Canada’s oil patch cuts back climate efforts under pandemic
WINNIPEG, Manitoba/TORONTO — Canadian oil sands companies have shelved nearly C$2 billion in green initiatives in a cost-cutting drive to weather the coronavirus pandemic, a reversal in some of their commitments to reduce emissions and clean up their dirty-oil image.
International oil firms left Canada in droves in recent years due to the high costs to turn a profit in the sector. Some investors and banks, meanwhile, halted financing in part to pressure the world’s fourth-largest crude producer to reduce the environmental impact of oil-sands production.
This year, top producers Suncor Energy, Canadian Natural Resources and Cenovus Energy have cut a combined C$1.8 billion in planned spending on green initiatives as losses mount due to economic lockdowns that have hammered oil demand.
“This has strengthened our view on the matter, that our decision that we took (to block oil sands) was correct,” said Jeanett Bergan, KLP’s head of responsible investments.

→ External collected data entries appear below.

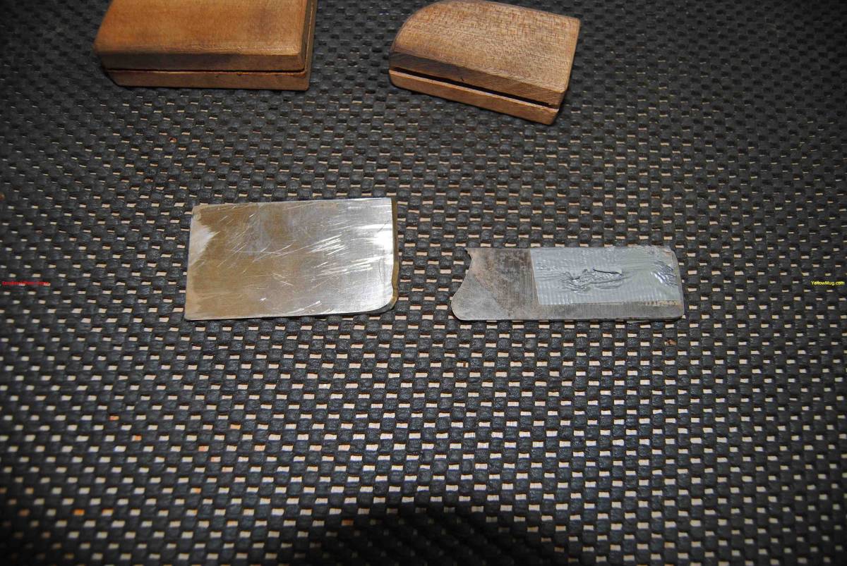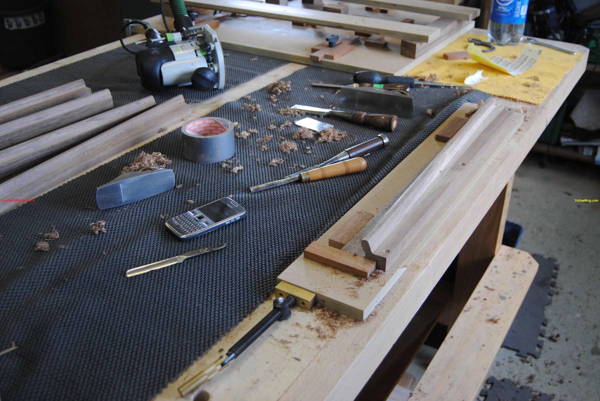 Shaping the sideboard door handles with purpose made scrapers cut from high carbon steel.
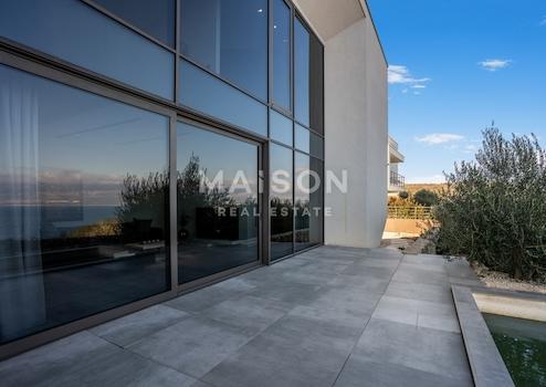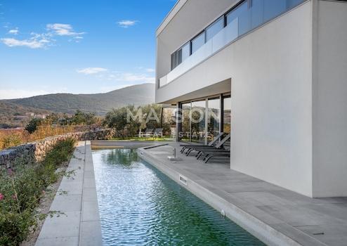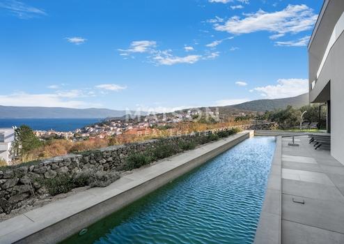 In einer der begehrtesten Lagen auf der Insel Krk befindet sich diese beeindruckende, moderne Villa mit einem unverbauten Panoramablick auf das Meer aus jedem Raum, einschließlich der Badezimmer. Großzügige Glasfronten, die sich über das gesamte Erdgeschoss und den ersten Stock erstrecken, schaffen eine perfekte Verbindung zwischen Innen- und Außenbereich und erfüllen den Raum mit natürlichem Licht und dem ständigen Blick auf das Meer.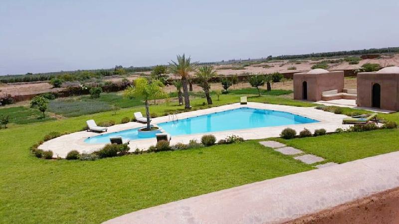 Avec une vue exceptionnelle sur l’Atlas et dans un cadre de détente et de calme, se niche cette Villa de charme de style marocain de 750 m² habitables et 10 000m² de Terrain, une belle architecture fusionnant entre modernité et traditionnel, située à 15 min des prestigieux Golf de Marrakech .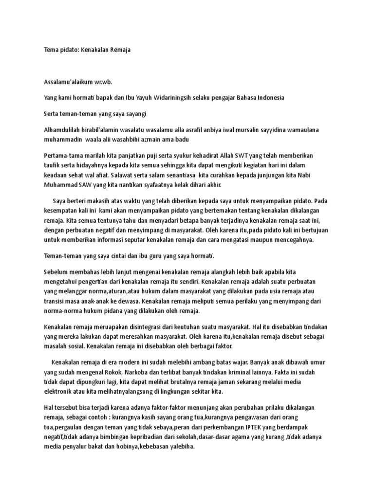 Contoh Pidato Kenakalan Remaja - Beberapa Teks Pidato Tema Diatas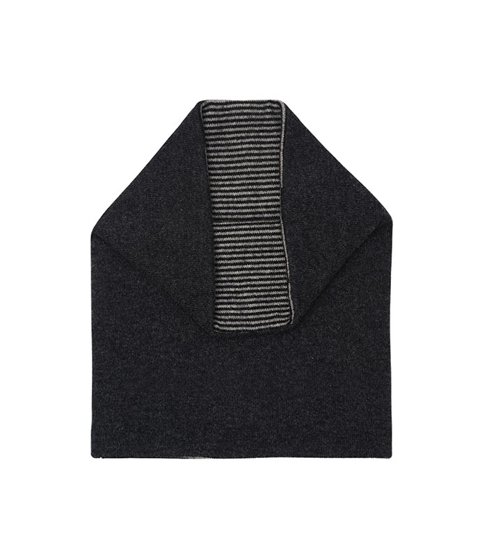 Midnight Charcoal Cashmere Snood offers deep, refined tones with plush cashmere and a reversible design for easy styling and warmth.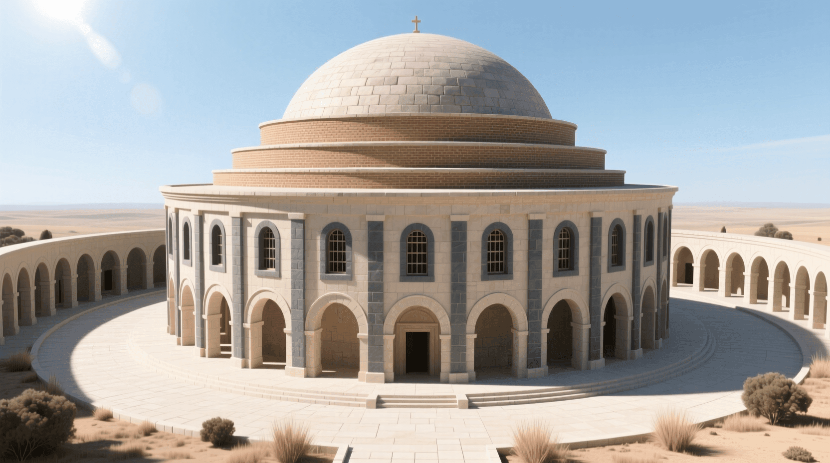 集中式建筑的核心特征是所有的空间元素都围绕一个中心点组织。建筑通常采用圆形、八角形或其他多边形平面,空间向上发展形成穹顶。一圈柱子围绕着中央空间,柱子支撑着环形的拱券或穹顶,柱子之上的墙体开设一圈窗户,形成采光的天窗系统。这种设计使得光线从上方倾泻而下,照亮中央的洗礼池或石棺。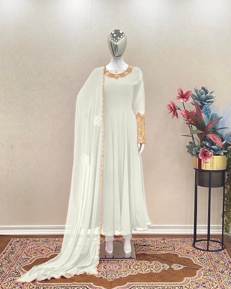 | Work | Embroidery 5 mm Sequence Work With Cut Work |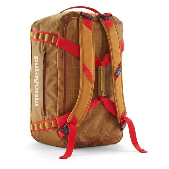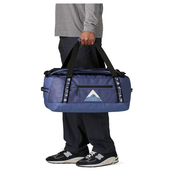 Reisetasche Die Black Hole Duffel 40L der Marke Patagonia ist eine ideale Wahl für verlängerte Wochenenden und kürzere Reisen mit dem Flugzeug oder der Bahn. Bei diesen Reisen können Sie die Tasche mit den abnehmbaren und gepolsterten Schultergurten schnell und einfach in einen bequemen Rucksack verwandeln. Darüber hinaus sind sie für maximalen Komfort ergonomisch geformt. Zum Tragen der Tasche stehen Ihnen zusätzlich 2 verstärkte Seitengriffe zur Verfügung.

KLP, Norway’s largest pension fund, exited oil sands investments last year, while the country’s $1 trillion wealth fund in May blacklisted Suncor and other large producers for producing excessive greenhouse gas emissions.
The Canadian industry has the highest upstream emissions intensity among major world oil and gas producers, at 39 kilograms per barrel of oil equivalent, more than triple that of the United States, consultancy Rystad Energy said in May.